One formidable eyebrow shot up. “Really? Interesting.” Then both eyebrows dipped into an ominous line. “And I’m not.”
“Not what?”
“A womanizer. I have too many handicaps to be one.”
“Handicaps?”
“Fastidiousness, wariness, allergies to pointless pursuits…”
“Don’t men consider physical gratification the point?”
“Do you always go around dispensing general condescension on all men, or am I just blessed? And then, you’re counter-asserting that women don’t consider physical gratification of importance? The old paradigm that women want emotion while men want sex?”
“That paradigm has stood the test of time and the approval of the majority. That’s not to say it applies to everyone.”

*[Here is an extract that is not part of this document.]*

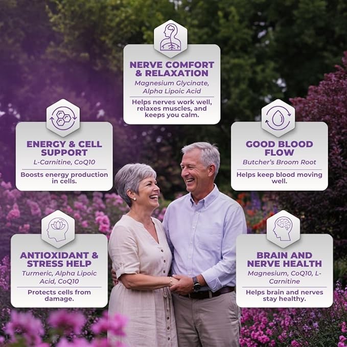 - Supports Nerve Health & Circulation: This supplement blend promotes healthy nerve signals, coordination, and circulation—especially in the arms and legs—helping maintain balance, comfort, energy, and overall nerve strength.

“It sure doesn’t apply to me.And physical gratification comes with a womanful of traits, whims, demands and trouble.”
“In other words, it comes attached to a sentient being.” His eyes remained steady, as if he was trying to read her mind. She let out a shaky breath. “Phew. The one way to avoid such nuisances is to…rent a companion. And I can’t see you doing that.”
His eyes turned lethal. “You always had perfect sight.”
“Then how do you find any women who fulfill your criteria of being a non-imposition? And you think Castaldinians are unreasonable?”
“My criteria aren’t affecting present and future generations, I can make them as unreasonable as I like. I don’t need to make concessions, either, since feminine wiles no longer work on me.”
“You mean they once did?”
“Oh, yes, all the way.”
Her heart did its best to explode from her ribs.